The government expects cost to be awarded to it by Cheryl Grant-Bethell, who recently lost her bid to have the court overturn a decision to overlook her as the deputy director of public prosecutions (DPP), according to Prime Minister Hubert Ingraham.

Supreme Court Senior Justice Jon Isaacs explained that no order was made returning Grant-Bethell to the post of deputy DPP, as the attorney general has the constitutional right to decide who prosecutes on his behalf and Grant-Bethell would likely be denied the right to practice before the criminal courts.

Ingraham when responding to the ruling on Saturday said he does not believe the media in general “fairly and accurately characterized the position of the court.”

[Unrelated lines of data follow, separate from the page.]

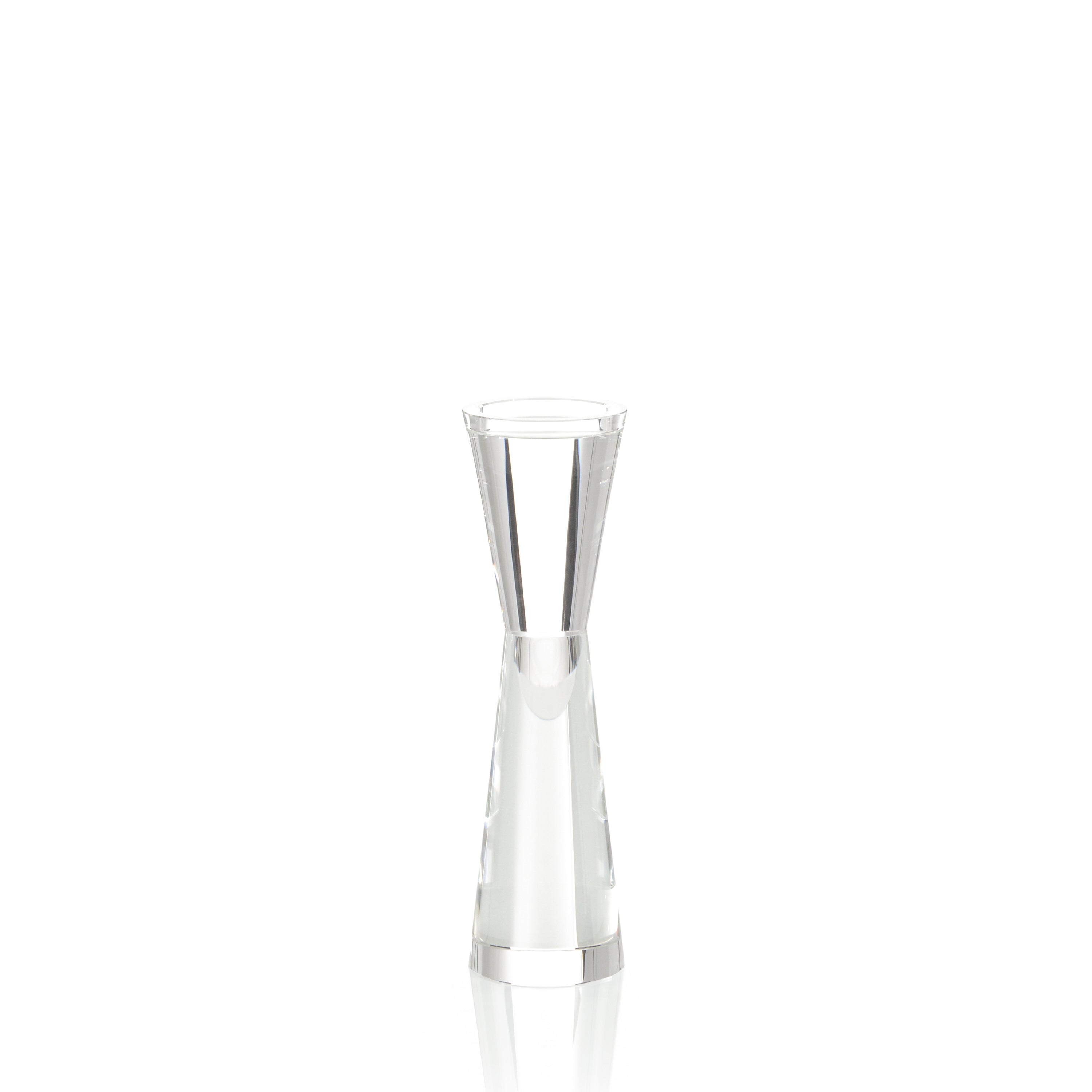 A sleek, minimalist silhouette beautifully complements the polished crystal body of this stunning hourglass-shaped candleholder. This beautiful simplicity exhibited in this piece allows it to adapt to nearly any interior space it is placed in. The Crystal Hourglass Candleholder is a gorgeous addition to any space on its own, but may also be placed next to its larger variants to further enhance the look.
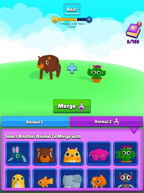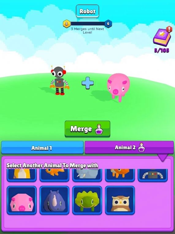 《AI动物合并》是一款充满创意与惊喜的休闲模拟养成手游,玩家将化身为一名动物合成研究员,利用前沿的人工智能技术,将不同物种的动物进行基因融合,创造出独一无二的全新生物。游戏中的AI系统会智能分析原始动物的特征,为玩家生成意想不到的合成结果。从威武的狮虎兽到呆萌的熊猫兔,每一次合成都能带来视觉与玩法上的双重惊喜。游戏采用轻松愉快的养成模式,让玩家在探索生物多样性的同时,体验培育新物种的成就感。
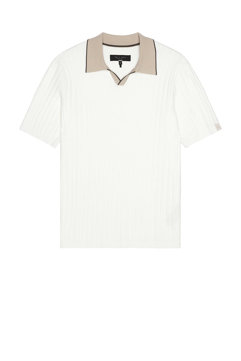 White Polo Shirt — the ultimate versatile shirt for smart-casual and business occasions. Designed with white, taupe collar, short sleeve, button closure, ribbed texture. Features a modern, professional look perfect for the office or smart social gatherings.
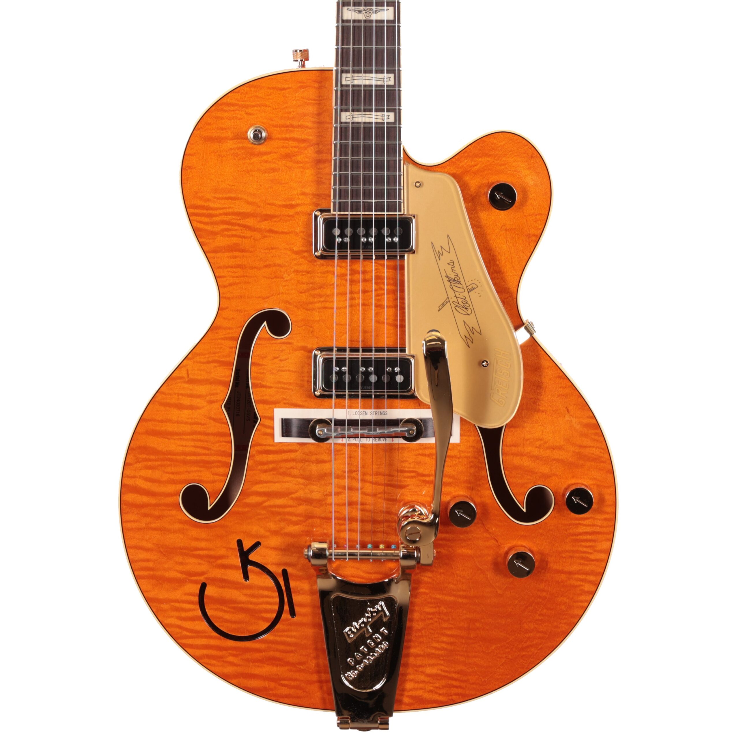 • Pickguard: Gold Plexi with Black Gretsch Logo and Artist Signature Signpost Graphic
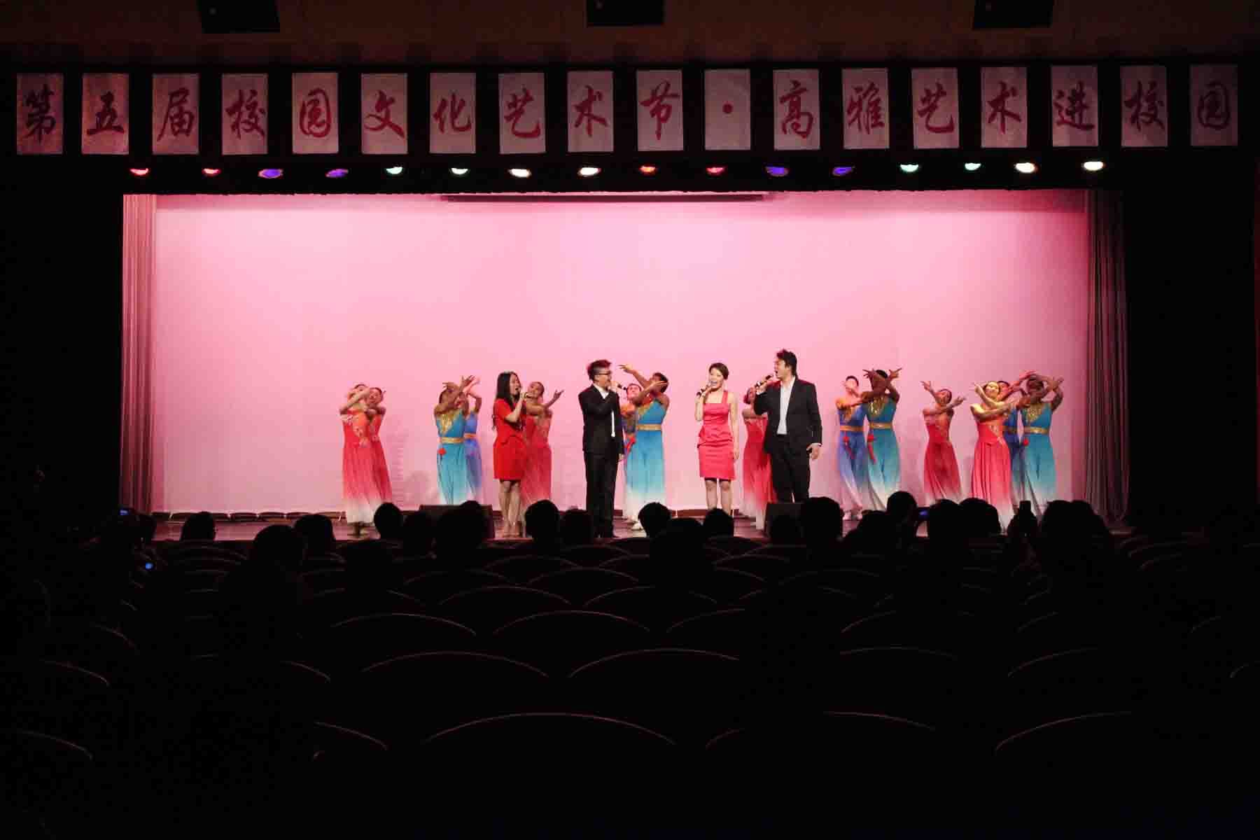 4月13日下午,在校学生处的大力支持下,高职学院“第五届校园文化艺术节之高雅艺术进校园”活动在师生活动中心四楼涵景堂隆重举行。本次活动由学生处主办,高职学院承办,力邀上海歌舞团来院进行表演,绚丽的舞台和青春的音乐,赢得了学院老师和同学们的广泛关注。 本次节目形式多样,内容别出心裁,充满新意。群舞《当代节奏》,表演者舞姿优美,繁华中又带有朴实的一面,生动形象地反应了当代生活的节奏;舞蹈《秦俑魂》、《秀色》让人身临其境,叹为观止;《王妃》、《老男孩》、《那片海》、《日不落》等热门流行歌曲让台下的同学和老师忘记平日的繁忙与劳累,完全沉浸在劲歌热舞之中。杂技表演《钻桶》让全场大呼惊喜与神奇。在《同一首歌》的歌声中,本次活动达到了高潮。 活动现场高潮迭起,精彩绝伦的表演让同学和老师们意犹未尽,本次活动作为高职学院第五届校园文化艺术节的活动之一,不仅丰富了师生的业余生活,还加强了校园的文化建设,为学院更好更美的明天注入了青春活力。
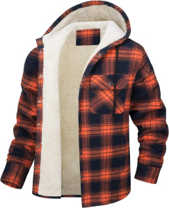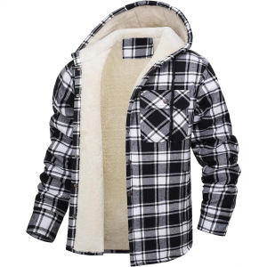 跨境男装加绒夹克亚马逊长袖连帽加绒单排扣保暖格子男士宽松外套
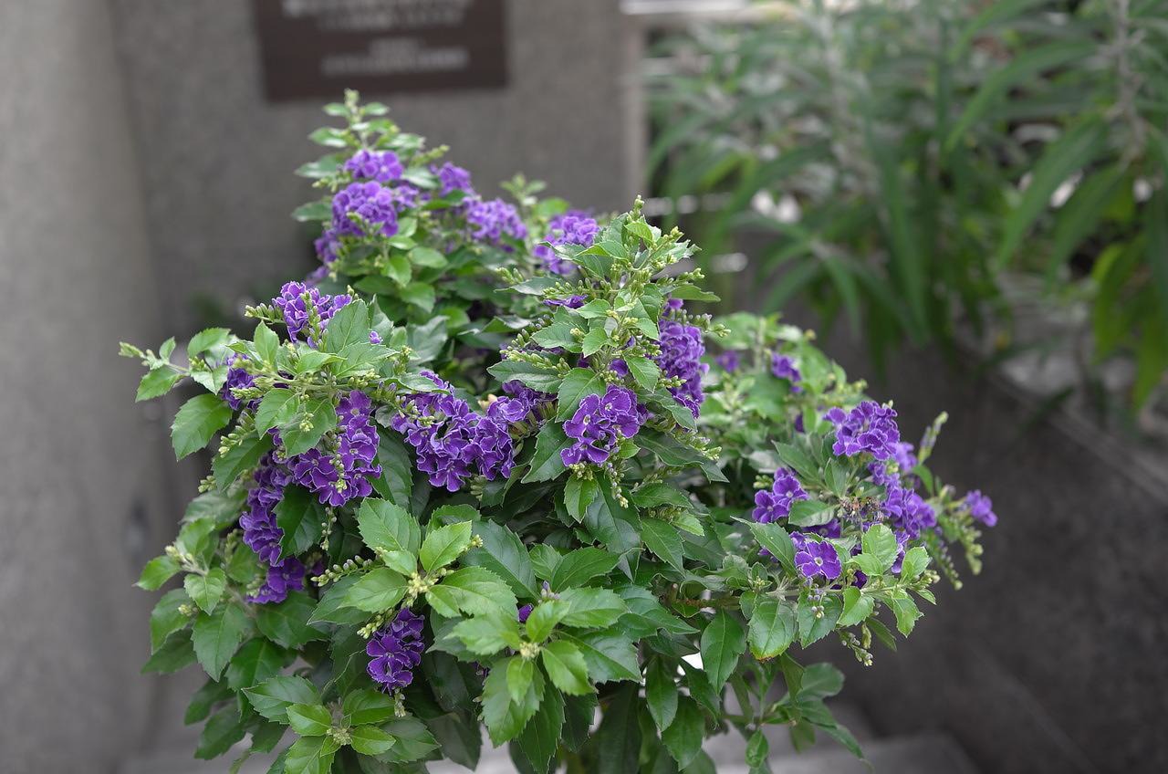 【Leica X】2025/07/14 アイルランド大使館前 デュランタ・タカラヅカ(宝塚) 紫色の花びらの白い縁取りが特徴です。タカラジェンヌが正装した袴姿に似ているから名付けられたそうです。ここのオーナーさんはとてもセンスの良い方だといつも思います。
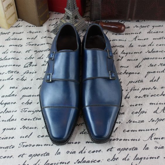 Genuine Leather Monk Strap Men's Formal Business Shoes In Catalina Blue Color

Prime Minister Hubert Ingraham said, “At the end of the day the party who took the government or the Judicial and Legal Services Commission (JLSC) to court said that they had been transferred to the Law Reform Commission and they should have remained as deputy director of public prosecutions, and should be made the director of public prosecutions, lost.  And [she is] still exactly where [she was] when the case began as a deputy director of the Law Reform Commission.  She’s still there, nothing’s changed.”

During the hearing, it was revealed that the JLSC was about to recommend that Grant-Bethell act as DPP for one year.  However, that recommendation was withdrawn after the commission received an intelligence report that contained damaging allegations about Grant-Bethell from the Security Intelligence Branch (SIB) of the Royal Bahamas Police Force.

The allegations were not disclosed during the judicial review.